Data records

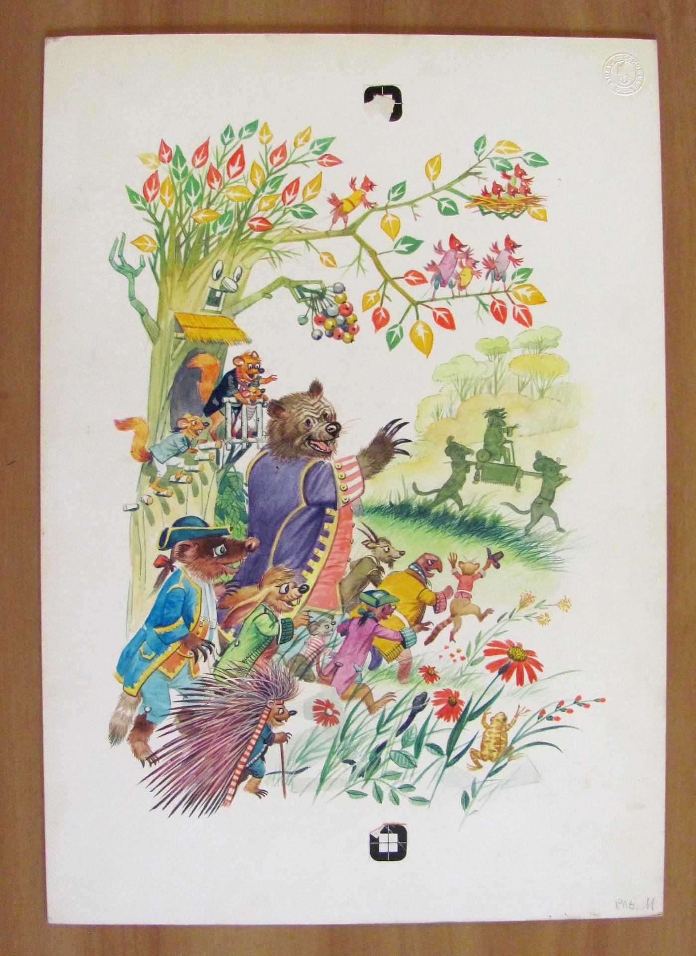 Le storie del gatto - "Il gallo in lettiga" - Disegno N.3 per Europea Editrice, anni '60. Tavola originale di Pescador per pagina 11 del libro, in tempera e acquarello su cartone. 25,5x36,5. Rara e in Ottimo stato. , Ottimo (Fine)
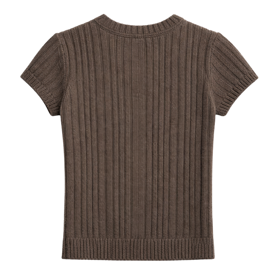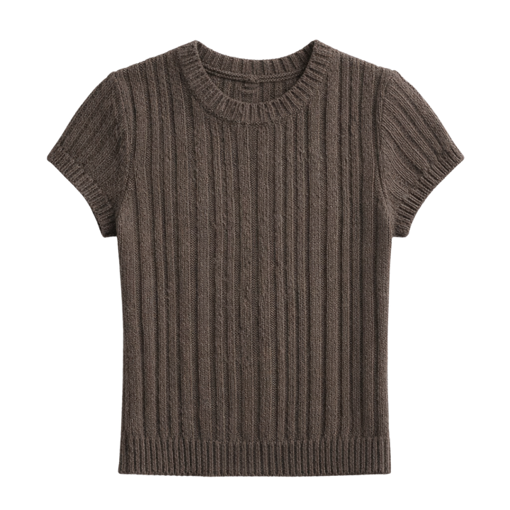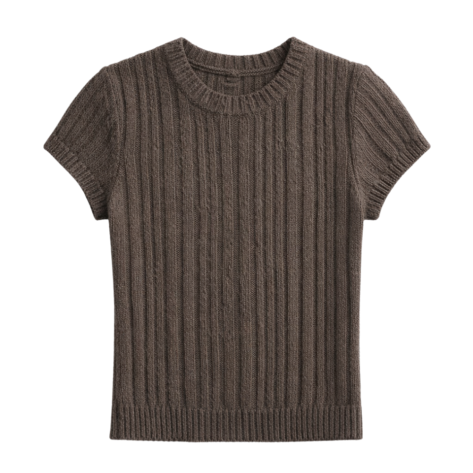 เสื้อยืดผู้หญิงแบบถักลายริบแขนสั้นคอกลมทรงเข้ารูปลำลองสำหรับฤดูร้อนเนื้อผ้านุ่มยืดได้สวมใส่สบายทุกวัน
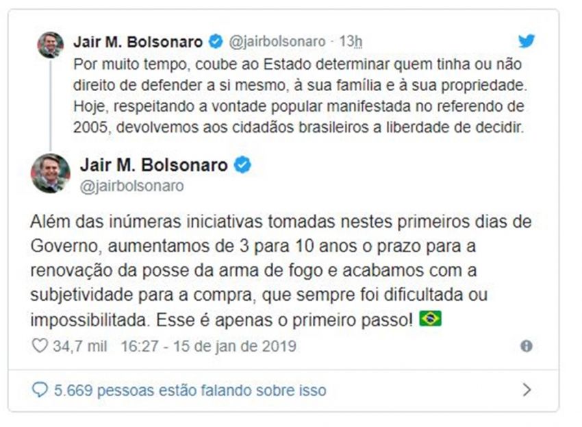 O presidente também lembrou o dispositivo que aumenta para dez anos o prazo para renovação de armas de fogo. “Além das inúmeras iniciativas tomadas nestes primeiros dias de governo, aumentamos de três [e cinco anos] para 10 anos o prazo para a renovação da posse da arma de fogo e acabamos com a subjetividade para a compra, que sempre foi dificultada ou impossibilitada. Esse é apenas o primeiro passo!”.
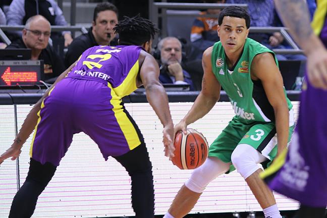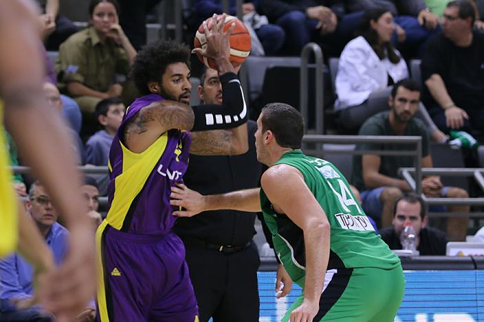 גלן רייס ג'וניור הרשים גם בבכורה בליגה וביחד עם וולדן ואלכסנדר הוביל את הפועל "יונט" חולון ל-69:75 בחוץ על מכבי "Hunter" חיפה (צילום: לילך וייס)
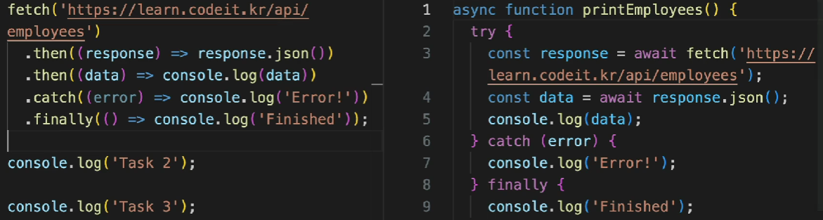 - fetch() 앞에 await : 프로미스가 Fulfilled 또는 Rejected가 될때까지 기다림

(Activity): Find the line containing "גלן רייס ג'וניור" in the records above and restate it, and each line after it through the end, word for word, dropping the pictures.

(Your response):
 גלן רייס ג'וניור הרשים גם בבכורה בליגה וביחד עם וולדן ואלכסנדר הוביל את הפועל "יונט" חולון ל-69:75 בחוץ על מכבי "Hunter" חיפה (צילום: לילך וייס)
 - fetch() 앞에 await : 프로미스가 Fulfilled 또는 Rejected가 될때까지 기다림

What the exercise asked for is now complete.